Become well informed in matters of media coverage.
Be aware of your everyday contact with the media and its influence on lifestyle, attitudes, and values.
Apply the keys to interpreting media messages to derive insight into media messages.
Develop a sensitivity to programming trends as a way of learning about the culture.
Keep abreast of patterns in ownership and government regulations that affect the media industry.
Consider the role of the media in individual decision making.

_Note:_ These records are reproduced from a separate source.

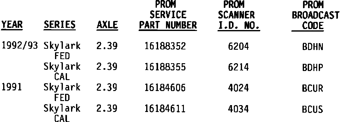 1991-93 SKYLARK WITH 3300 (CODE N) ENGINES
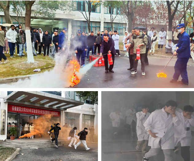 “以演促练、以练为战”。组织师生在徽文楼和徽匠楼开展实验室安全应急疏散及灭火实操演练,多部门协同联动,包括留学生在内的400余名师生积极参与,有效提升师生预防和应对安全风险能力。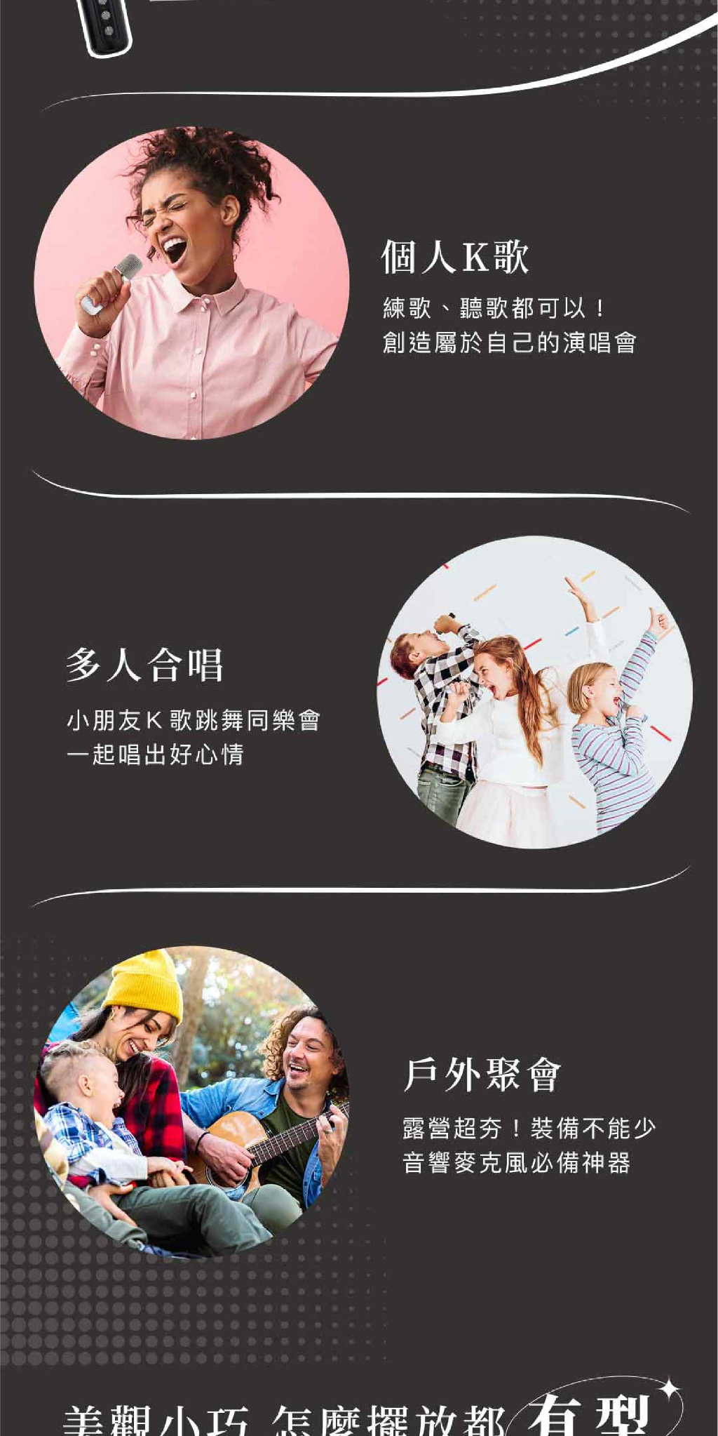 一隻麥克等於一個家庭娛樂場,無線連接手機或智慧電視,多庭秒變KTV,家人孩子的摯愛。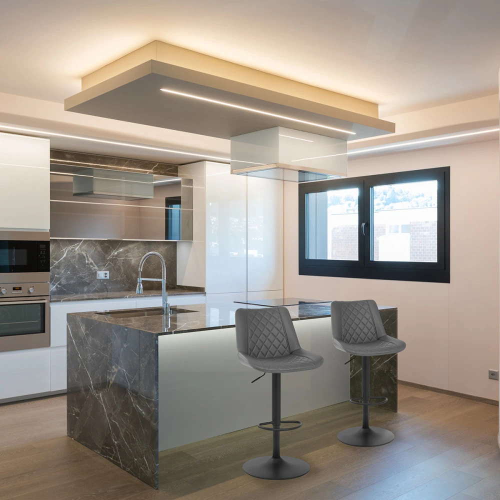 Der Barhocker Faro mit seinem raffinierten Design bietet eine elegante Atmosphäre. Bequem gepolstert, robust gebaut und mit einer eleganten, modernen Ästhetik versehen, können Sie sicher sein, dass der Faro ein wertvoller Bestandteil Ihrer Einrichtung ist. Die Sitzfläche ist in einem dezenten Kunstlederton gehalten, der für ein vielseitiges und modernes Aussehen sorgt. Die schicke schwarze Pulverbeschichtung macht den höhenverstellbaren Gasfederrahmen des Hockers ebenso schön wie funktionell. Der Sitz ist um 360 Grad drehbar und ermöglicht so einen einfachen Zugang zu einer Bar oder einem Tresen. Der runde Fuß mit einem Bodenschutz an der Unterseite ist noch praktischer und schützt den Boden vor Kratzern.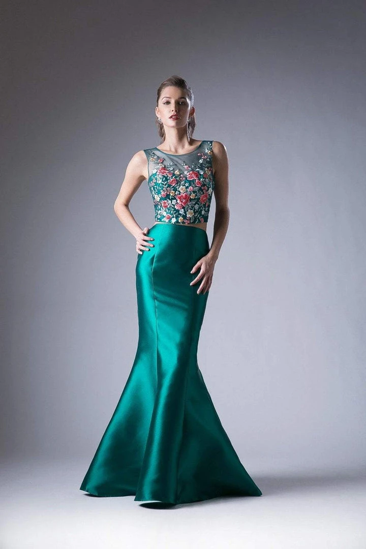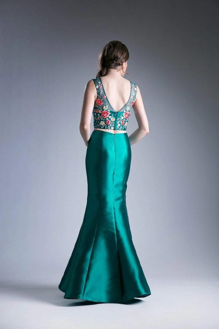 Show your feminine side in this attractive evening dress by Cinderella Divine HW03. This two piece stunner offers a fitted bodice adorned with beautiful floral appliques framed with an illusion scoop neckline. Adorned with tailoring seams, the skirt reveals a mermaid silhouette which tapers to full length. The back has a distinct V cut secured with a center zipper closure. Put your best foot forward in a lovely creation from Cinderella Divine. Model is wearing Green color.
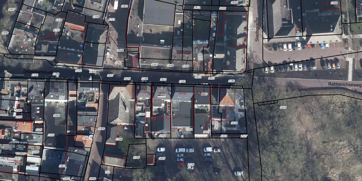 Het perceel waarop Didamsestraat 24 staat heeft een oppervlakte van 360 m². Dit is een groot perceel. De perceeloppervlakte wordt geregistreerd door het Kadaster. Gedetailleerde informatie over de maten van dit perceel kunt u vinden in het rapport Kadastrale kaart met maatvoering van Didamsestraat 24.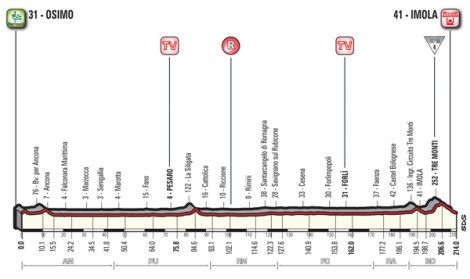Tappa completamente pianeggiante che percorre per la sua quasi interezza la ss16 Adriatica. Su strade larghe e sostanzialmente rettilinee i primi 130 km. Seguono altri 60 km sempre praticamente diritti lungo la ss9, Via Emilia, che attraverso Santarcangelo di Romagna, Cesena e Forlì porta a immettersi nel circuito automobilistico di Imola e al giro finale sul circuito dei “Tre Monti”.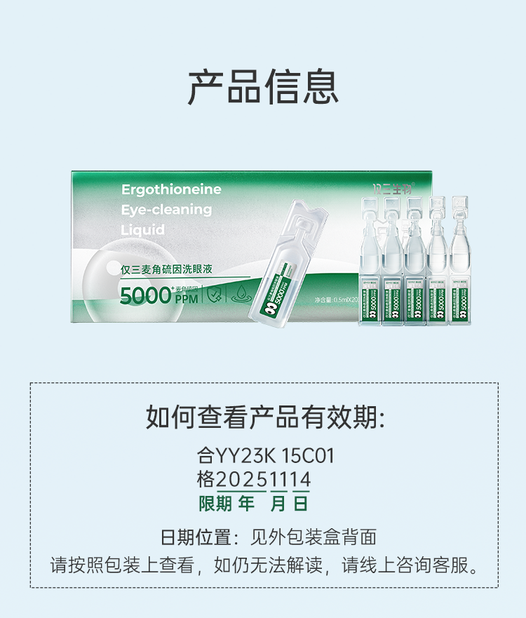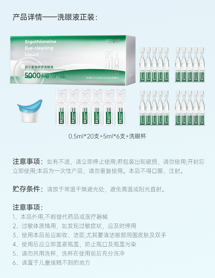 【多规格可选】仅三5000+PPM麦角硫因洗眼液(0.5ml*20支+5ml*6支+洗眼杯*1)

5 Key Questions of Media Literacy


1. Who created this message?
2. What creative techniques are used to attract my attention?
3. How might different people understand this message differently from me?
4. What values, lifestyles and points of view are represented in, or omitted from, this message?
5. Why is this message being sent?


5 Core Concepts of Media


1. All media messages are ‘constructed.’
2. Media messages are constructed using a creative language with its own rules.
3. Different people experience the same media message differently.
4. Media have embedded values and points of view.
5. Most media messages are organized to gain profit and/or power.